Sportivate to provide sporting opportunities for teenagers and young adults
Tue 22 Mar 2011
Surveys show that many young people drop out of sport in their teens and early 20s, and the government wants to motivate them to give a sport another go or to try something completely new.
The result is a new Sport England initiative called Sportivate, part of the Play strand of Sport England’s mass participation legacy programme Places, People, Play that was launched last November.
Sportivate is designed to to provide "attractive and sustainable sporting opportunities" for teenagers and young adults in a sport of their choice within their community. The programme will launch between April and July 2011 and run until March 2015.
Over this period, Sport England will invest £32 million of National Lottery funding into the scheme.
Coaching and Playing
At the heart of the Sportivate programme is the chance for young people aged between 14 and 25 to receive six to eight weeks of coaching in a sport of their choice. The programme will be delivered through the network of 49 County Sports Partnerships (CSPs), working with a range of local partners.
The programme is aimed at those who are not currently choosing to participate in sport in their own time, or are doing so for a very limited amount of time, and it will support them to continue playing sport in their community after the coaching period is over.
Sportivate will be fully inclusive, and will target participants across this age group, including males and females, young people who have a disability and participants from black and ethnic minority groups.
Targets and Outcomes
Sportivate's targets are to ensure that nearly 300,000 young people in the 14-25 age range complete coaching courses over the four years of the programme, with at least 120,000 of them continuing to play sport regularly. Other outcomes will be:
-- The provision of a supply chain of sporting activities that will match as well as generate demand.
-- A focus on high-quality sports providers operating within robust safeguarding standards.
-- The creation of more opportunities for the growth and deployment of coaches and volunteers.
-- Increased take up in leisure centres and other facility stock.
-- Close links with clubs to drive more participants to take part as players and volunteer in community sports clubs.
BSUK Can Help
Sport England's expectation is that National Governing Body (NGB) clubs will play an important role in Sportivate by providing a range of activities for a wider cohort of 14-25s than is currently the case. The aim will be for clubs to provide structured and managed pathways, and support the delivery of sessions.
Baseball or softball clubs or leagues that would like to apply for grants (for example, to bring in coaches who can deliver Sportivate sessions in schools, colleges or in the community) should contact their BSUK Point Person, who can provide advice and support for grant applications.
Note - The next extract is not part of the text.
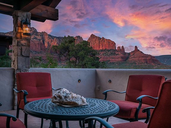 Immersed in luxurious Old-World architecture, magnificent 360 degree Sedona red rock views, gorgeous water features, and you don't have to travel overseas to feel like you've stepped onto the streets of Italy inside this modern Italian-style Villa. Many famous celebrities like Gina Davis, and authors like John Grey (Men are from Mars, Women are from Venus) have been inspired by the beauty, location, energy healing, and Zen-like state this elegant retreat offers. Read the Home History Book found in the MLS listing. Walls graced with natural Venetian plaster, an organic material harvested from nature. Herringbone brick flooring seen throughout castles and homes of the elite. Gorgeous sunrise & sunset viewing decks showcase the magnificent red rock beauty Sedona offers.

While it may not be possible to gain grants for the coming season, work could begin now to set up Sportivate programmes and obtain grants for 2012.
Wins and Losses
BSUK Joint CEO and Head of Development John Boyd sums up the current gains and losses for sport, of which Sportivate is a part:
"There has been some good work going on up to now by Competition Managers and Partnership Development Managers who are employed by School Sports Partnerships (or will be for another few months), and there has also been funding available for school coaching and for programmes that link schools to clubs (called Sport Unlimited).
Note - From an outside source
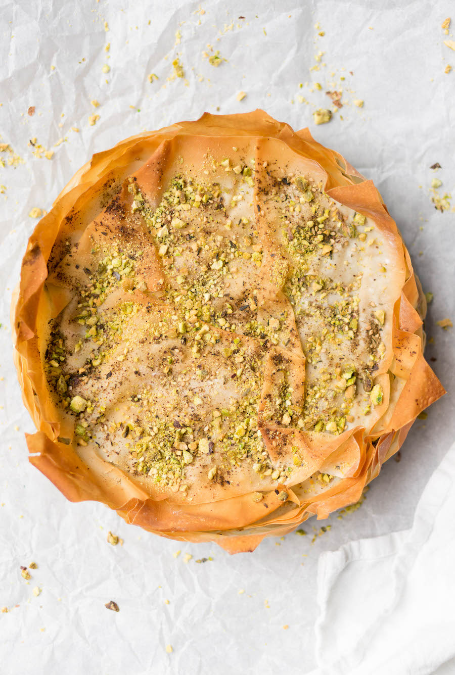 Dit heerlijke gerecht met accenten van ricotta en pistache is iets dat iedereen lekker vindt. Het vult goed, is vegetarisch en zal ongetwijfeld boven alle andere hoofdgerechten uitsteken omdat het er zó feestelijk uitziet.

"But everything is now changing in school sport as a result of government decisions and cuts, and it's going to leave this season quite badly affected for many people.
Sport England is introducing Sportivate as a replacement programme for Sport Unlimited. The key difference is that it's focused on 14-25-year-olds and is no longer only for building school-club links but rather about introductory programmes to introduce people to sport. This could include from a school environment, but also FE colleges, universities, companies, community groups, employment centres and people in the wider community.
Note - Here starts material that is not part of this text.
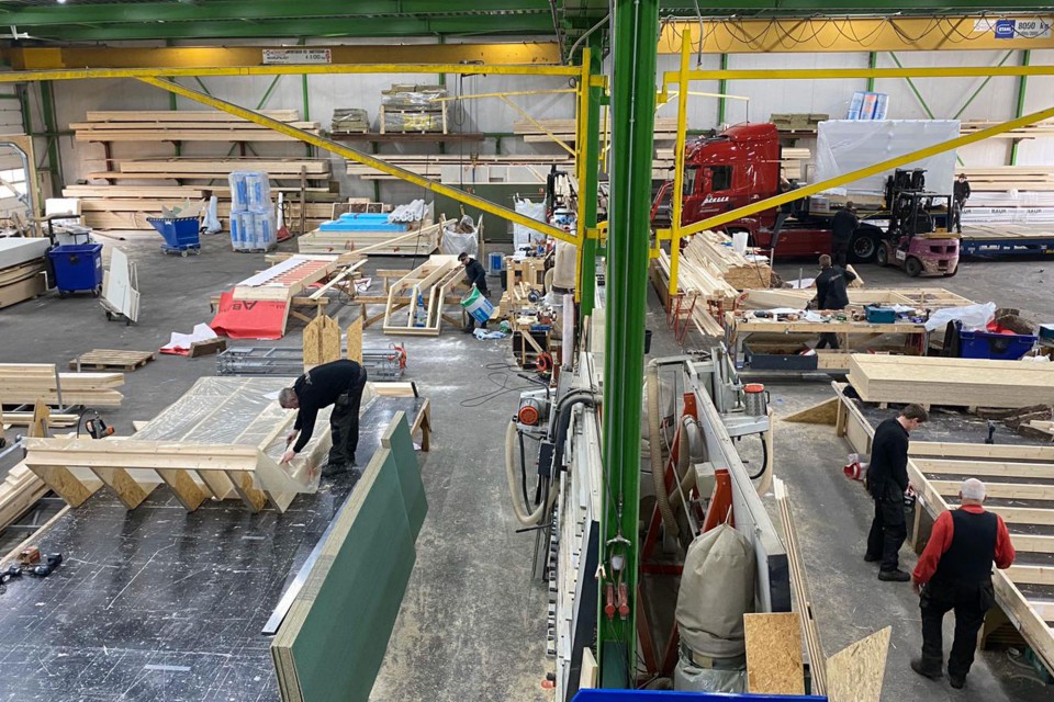 Wij hebben een vast team van medewerkers in onze werkplaats die goed op elkaar zijn afgestemd. Zij zorgen ervoor dat alle houtskeletbouwelementen tot op de millimeter nauwkeurig passen, zodat collega's ze snel kunnen verwerken op de bouwplaats. Het team in de werkplaats werkt samen met een robot die ervoor zorgt dat er geen foutmarge in de elementen zit.

"It is a useful programme that could be of help in the recruitment of teenagers and adults for club membership and play."
I think this is a great idea, introducing softball into schools, colleges, community, etc. I play A grade for Mariners, and have previously played for the GB development squad. I am a PE teacher and have been delivering softball to my college students for several years now, as well as running introductory sessions on how to teach softball to the local schools sport partnership and PE teachers, going into local schools and running tasters for the students. Any of my college students who have shown potential and who are keen, i have filtered into the Solent league, and they have then progressed into the Mariners.
I am quite keen to assist in the Sportivate initiative, if i can help the BSUK in anyway. I know that Stan is already coming down to deliver some softball tasters to the hampshire colleges, of which i am one, although i was unable to attend (i haven’t actually met Stan yet). I work closely with our PDM, and have delivered day coaching sessions for the local police and disaffected kids, for playschemes for the local council, and an aim higher day for portsmouth Uni prospective students. I am eager to get more involved if you would like to utilise my services and my contacts with the local schools and colleges.
Mandy Wood (Head of PE, St Vincent College).